US Marine Corps Reserve unit

Combat Logistics Regiment 4 (CLR-4) is a regiment of the United States Marine Corps Reserve. It was activated on September 8, 2013 in Kansas City, Missouri.

==Organization==
- Combat Logistics Regiment 4 (CLR 4), in Kansas City, (MO)
  - Headquarters Company, in Kansas City, (MO)
  - Combat Logistics Battalion 23, (CLB 23), in Joint Base Lewis–McChord, (WA)
    - Headquarters and Service Company, in Joint Base Lewis–McChord, (WA)
    - Engineer Services Company, in Springfield, (OR)
    - Maintenance Services Company, in Sacramento, (CA)
    - Transportation Services Company, in Lathrop, (CA)
  - Combat Logistics Battalion 453 (CLB 453), in Aurora, (CO)
    - Headquarters and Service Company, in Aurora, (CO)
    - Maintenance Company, in Waco, (TX)
    - Motor Transport Company, in Lubbock, (TX)
    - Supply Company, in San Jose, (CA)

==History==

From its inception as a Logistics Regiment, CLR-4 has been at the forefront of integration of Reserve Marines with active duty Marines.

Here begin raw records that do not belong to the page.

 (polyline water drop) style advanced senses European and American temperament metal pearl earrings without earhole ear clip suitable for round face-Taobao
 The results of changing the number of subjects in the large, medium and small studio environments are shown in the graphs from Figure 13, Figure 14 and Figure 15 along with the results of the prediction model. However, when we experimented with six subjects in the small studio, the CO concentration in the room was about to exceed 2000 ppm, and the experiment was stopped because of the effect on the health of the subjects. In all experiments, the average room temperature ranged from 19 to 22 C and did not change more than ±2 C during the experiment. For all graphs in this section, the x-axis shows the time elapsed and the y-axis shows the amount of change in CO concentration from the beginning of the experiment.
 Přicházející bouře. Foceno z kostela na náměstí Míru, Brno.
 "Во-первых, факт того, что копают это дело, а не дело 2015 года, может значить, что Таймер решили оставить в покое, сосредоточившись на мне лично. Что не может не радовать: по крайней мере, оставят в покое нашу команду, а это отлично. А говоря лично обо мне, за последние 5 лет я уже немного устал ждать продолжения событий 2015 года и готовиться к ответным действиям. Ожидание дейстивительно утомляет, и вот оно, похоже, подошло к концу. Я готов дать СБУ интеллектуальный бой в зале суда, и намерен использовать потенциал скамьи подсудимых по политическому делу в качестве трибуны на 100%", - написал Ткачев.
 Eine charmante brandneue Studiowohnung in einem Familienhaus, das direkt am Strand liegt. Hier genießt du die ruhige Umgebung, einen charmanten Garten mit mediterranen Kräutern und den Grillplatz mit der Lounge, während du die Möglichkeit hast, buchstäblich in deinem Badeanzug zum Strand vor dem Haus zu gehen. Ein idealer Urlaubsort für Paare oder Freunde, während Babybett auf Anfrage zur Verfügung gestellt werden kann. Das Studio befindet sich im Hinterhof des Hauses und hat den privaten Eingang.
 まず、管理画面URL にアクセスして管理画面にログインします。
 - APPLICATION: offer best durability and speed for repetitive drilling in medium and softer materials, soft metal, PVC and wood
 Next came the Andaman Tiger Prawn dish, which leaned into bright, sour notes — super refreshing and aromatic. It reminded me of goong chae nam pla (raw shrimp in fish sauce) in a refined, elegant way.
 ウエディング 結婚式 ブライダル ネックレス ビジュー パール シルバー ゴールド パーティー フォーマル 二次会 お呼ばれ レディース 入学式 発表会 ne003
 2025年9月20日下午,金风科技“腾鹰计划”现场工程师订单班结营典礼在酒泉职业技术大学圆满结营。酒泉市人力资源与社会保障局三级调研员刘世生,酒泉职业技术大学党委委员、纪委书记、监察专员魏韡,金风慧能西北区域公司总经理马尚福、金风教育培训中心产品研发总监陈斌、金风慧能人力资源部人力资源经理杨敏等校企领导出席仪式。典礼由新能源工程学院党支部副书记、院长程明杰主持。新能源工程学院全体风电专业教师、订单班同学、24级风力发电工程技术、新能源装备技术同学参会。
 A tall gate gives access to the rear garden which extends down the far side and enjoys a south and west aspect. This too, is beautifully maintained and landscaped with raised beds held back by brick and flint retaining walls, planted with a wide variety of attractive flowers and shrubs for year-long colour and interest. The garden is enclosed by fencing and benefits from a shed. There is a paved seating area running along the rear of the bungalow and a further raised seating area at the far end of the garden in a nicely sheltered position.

In August 2014, a detachment of CLR-4 Marines went to South Korea in support of Ulchi Freedom Guardian; in subsequent years, the Regiment has supported various Korean Theater of Operations exercises. In February 2015, CLR-4 took part in an active component Marine Expeditionary Force Level Exercise. In April 2016, CLR-4 provided the headquarters element for Combined Joint Task Force African Lion in the Kingdom of Morocco. In June 2017, the Regimental Headquarters conducted a battle simulation scenario-based event involving the Commanding Officer and staff in Fort McCoy, Wisconsin.

== Past commanders ==
- Colonel Randall K. Jones (2022-2024)
- Colonel Daniel H. Coleman (2020-2022)
- Colonel Robert T. Meade (2018-2020)
- Colonel Thomas M. Fahy (2016-2018)
- Colonel Joseph N. Raftery (2014-2016)
- Colonel Charles L. Sides (2013-2014) (previously 24th Marine Regiment Commander and oversaw unit transition)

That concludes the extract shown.